Provided information START

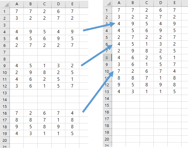 | Option Explicit Sub 빈행삭제() '방법1) Dim rng As Range Dim rBL As Range Set rng = Range("a1", Cells(Rows.Count, "a").End(xlUp)) 'a열의 입력된 맨아래 자료까지 범위 선택 For Each rBL In rng.SpecialCells(xlCellTypeBlanks).Areas '빈셀은 각각 떨어져 있는 다중영역이므로 'Areas로 받는다. If rBL.Count > 0 Then rBL.Resize(rBL.Count, 1).EntireRow.Delete 'Resize로 행전체를 선택하여 삭제한다. End If Next End Sub |
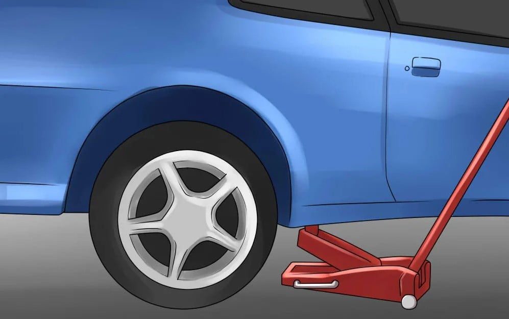 Bước 3: Đặt chặn bánh xe phía sau bánh xe. Đặt chặn bánh xe hoặc khối gỗ phía sau bánh sau của xe và cài phanh tay để ngăn xe lăn.
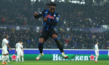 Atalanta’s Ademola Lookman celebrates after scoring his side’s fourth goal against Sturm Graz. Photograph: Michele Maraviglia/EPA
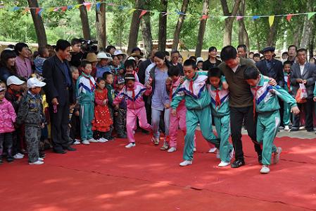 捐贈儀式過后,同學們和參加活動的領導嘉賓在操場上做起了游戲。通過綁腿跑和吹氣球兩個小游戲,孩子們與嘉賓建立起默契的合作關系,也懂得了團結友愛、互相勉勵,才能獲得勝利。
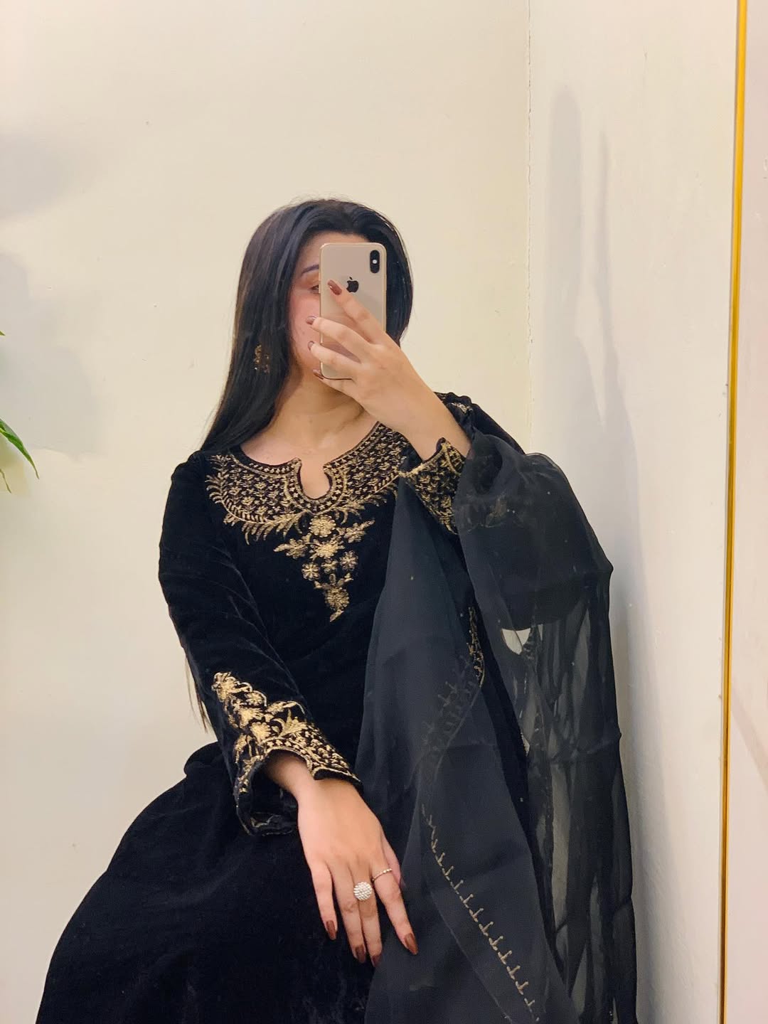 Luxurious Party Wear Velvet Dress with Tilla Embroidery
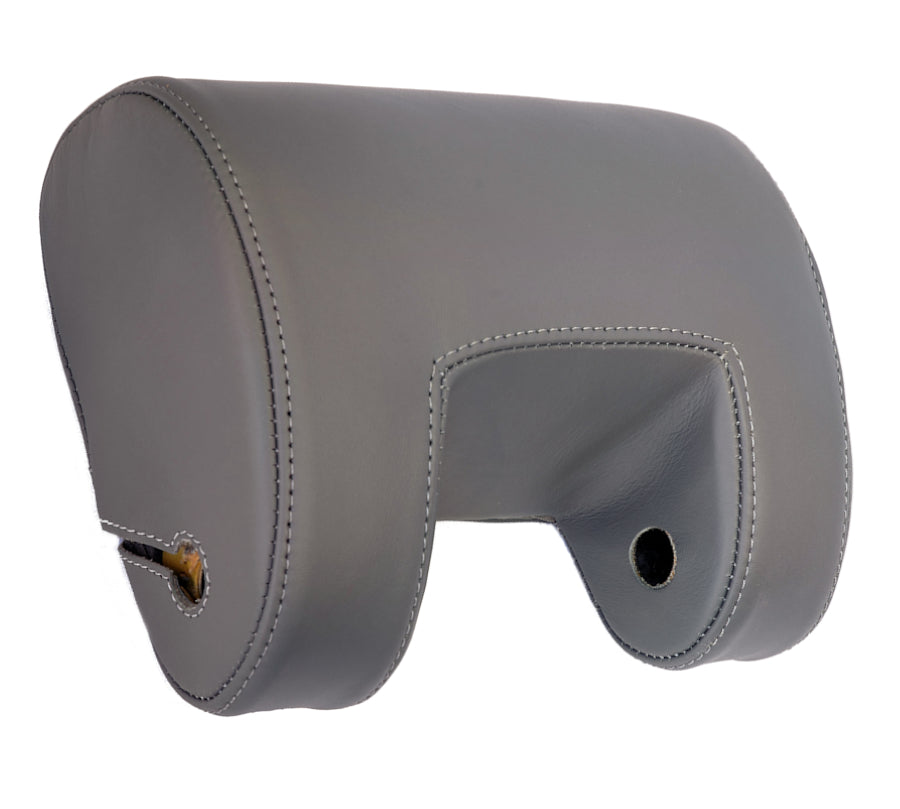For the headrests, Charcoal Grey (ADI-1121FR) aviation leather is used, featuring a placard embroidered into the rear face. The headrest is designed to fit onto an adjustable frame, offering both comfort and flexibility.

Provided information END

> **Activity**:
Every line of the records above should be reproduced exactly, with no pictures included.

> **Result below**:
 | Option Explicit Sub 빈행삭제() '방법1) Dim rng As Range Dim rBL As Range Set rng = Range("a1", Cells(Rows.Count, "a").End(xlUp)) 'a열의 입력된 맨아래 자료까지 범위 선택 For Each rBL In rng.SpecialCells(xlCellTypeBlanks).Areas '빈셀은 각각 떨어져 있는 다중영역이므로 'Areas로 받는다. If rBL.Count > 0 Then rBL.Resize(rBL.Count, 1).EntireRow.Delete 'Resize로 행전체를 선택하여 삭제한다. End If Next End Sub |
 Bước 3: Đặt chặn bánh xe phía sau bánh xe. Đặt chặn bánh xe hoặc khối gỗ phía sau bánh sau của xe và cài phanh tay để ngăn xe lăn.
 Atalanta’s Ademola Lookman celebrates after scoring his side’s fourth goal against Sturm Graz. Photograph: Michele Maraviglia/EPA
 捐贈儀式過后,同學們和參加活動的領導嘉賓在操場上做起了游戲。通過綁腿跑和吹氣球兩個小游戲,孩子們與嘉賓建立起默契的合作關系,也懂得了團結友愛、互相勉勵,才能獲得勝利。
 Luxurious Party Wear Velvet Dress with Tilla Embroidery
For the headrests, Charcoal Grey (ADI-1121FR) aviation leather is used, featuring a placard embroidered into the rear face. The headrest is designed to fit onto an adjustable frame, offering both comfort and flexibility.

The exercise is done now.